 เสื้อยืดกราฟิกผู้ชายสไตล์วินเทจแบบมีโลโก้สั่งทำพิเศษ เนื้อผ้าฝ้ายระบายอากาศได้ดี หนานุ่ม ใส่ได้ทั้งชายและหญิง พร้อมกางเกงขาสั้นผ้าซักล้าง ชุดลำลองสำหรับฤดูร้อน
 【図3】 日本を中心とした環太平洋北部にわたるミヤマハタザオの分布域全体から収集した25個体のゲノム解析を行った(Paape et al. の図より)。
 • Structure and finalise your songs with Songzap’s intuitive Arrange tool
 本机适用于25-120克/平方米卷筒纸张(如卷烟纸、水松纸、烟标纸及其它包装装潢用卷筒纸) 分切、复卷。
# # # # # # #
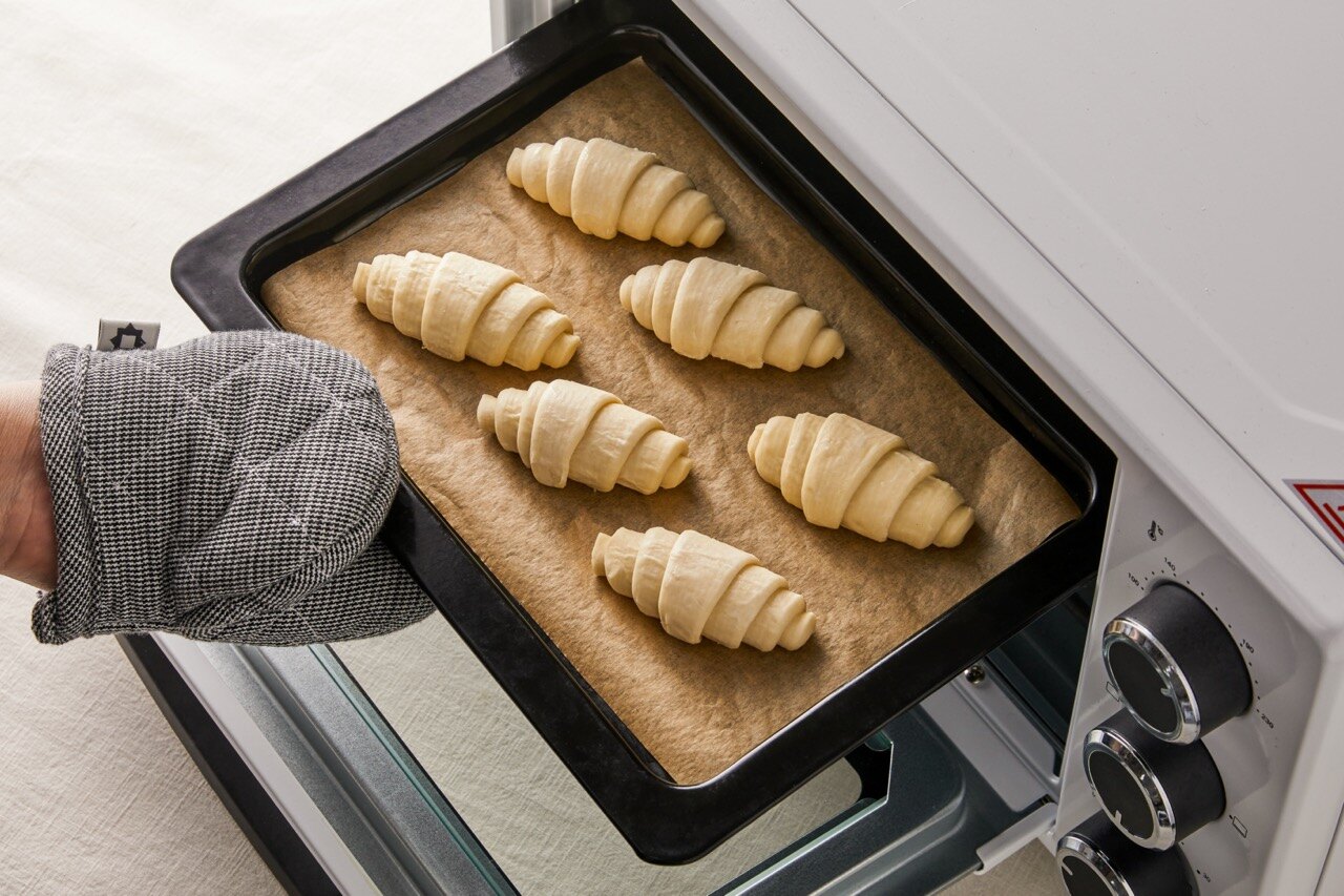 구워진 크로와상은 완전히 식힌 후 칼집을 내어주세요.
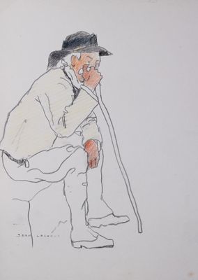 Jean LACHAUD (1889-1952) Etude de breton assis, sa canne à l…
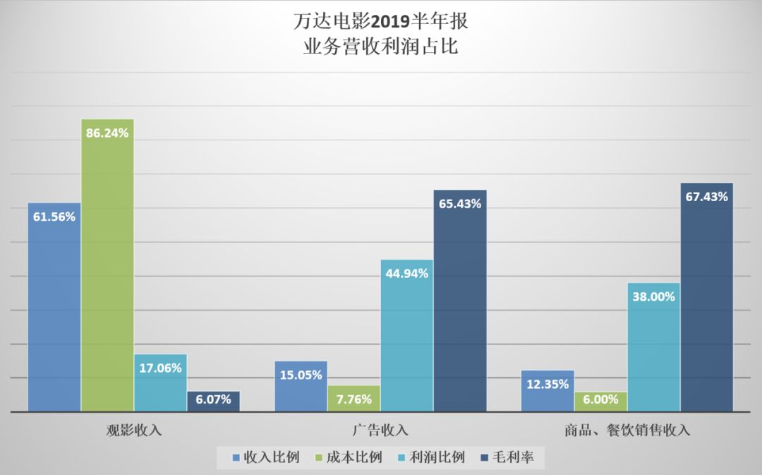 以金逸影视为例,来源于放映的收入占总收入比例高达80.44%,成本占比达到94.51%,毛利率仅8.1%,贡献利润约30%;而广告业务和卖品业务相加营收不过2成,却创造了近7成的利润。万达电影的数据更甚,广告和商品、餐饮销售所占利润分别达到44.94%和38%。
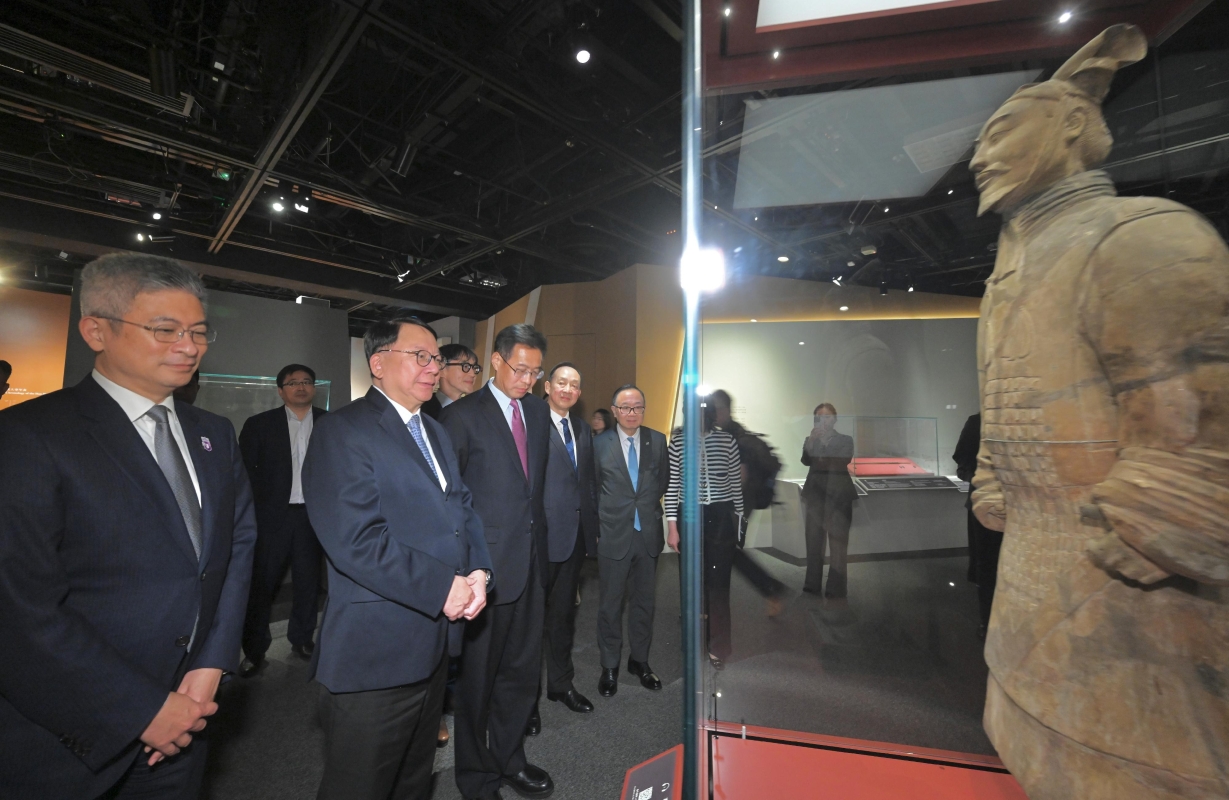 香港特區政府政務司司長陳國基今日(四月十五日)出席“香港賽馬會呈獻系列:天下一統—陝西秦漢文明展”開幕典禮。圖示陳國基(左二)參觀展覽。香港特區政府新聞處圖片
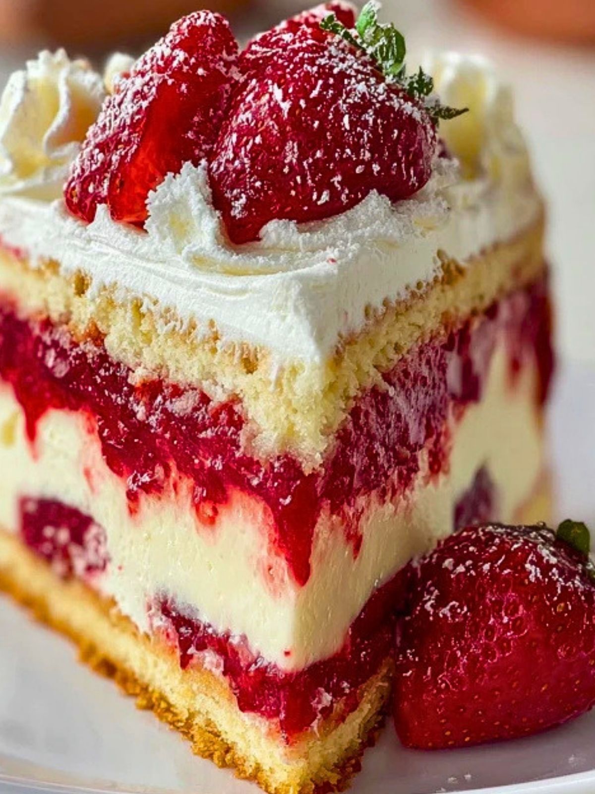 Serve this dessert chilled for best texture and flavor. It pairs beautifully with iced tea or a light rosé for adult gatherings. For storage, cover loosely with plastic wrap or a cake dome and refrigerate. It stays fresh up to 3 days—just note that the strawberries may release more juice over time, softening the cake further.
# # # # # # #
TASK TO COMPLETE -
From the listing above, please give again the lines that begin with the line holding "以金逸影视为例,来源于放映的" and go on through the line holding "Serve this dessert", exactly, both ends included, minus any picture.

OUTPUT -
 以金逸影视为例,来源于放映的收入占总收入比例高达80.44%,成本占比达到94.51%,毛利率仅8.1%,贡献利润约30%;而广告业务和卖品业务相加营收不过2成,却创造了近7成的利润。万达电影的数据更甚,广告和商品、餐饮销售所占利润分别达到44.94%和38%。
 香港特區政府政務司司長陳國基今日(四月十五日)出席“香港賽馬會呈獻系列:天下一統—陝西秦漢文明展”開幕典禮。圖示陳國基(左二)參觀展覽。香港特區政府新聞處圖片
 Serve this dessert chilled for best texture and flavor. It pairs beautifully with iced tea or a light rosé for adult gatherings. For storage, cover loosely with plastic wrap or a cake dome and refrigerate. It stays fresh up to 3 days—just note that the strawberries may release more juice over time, softening the cake further.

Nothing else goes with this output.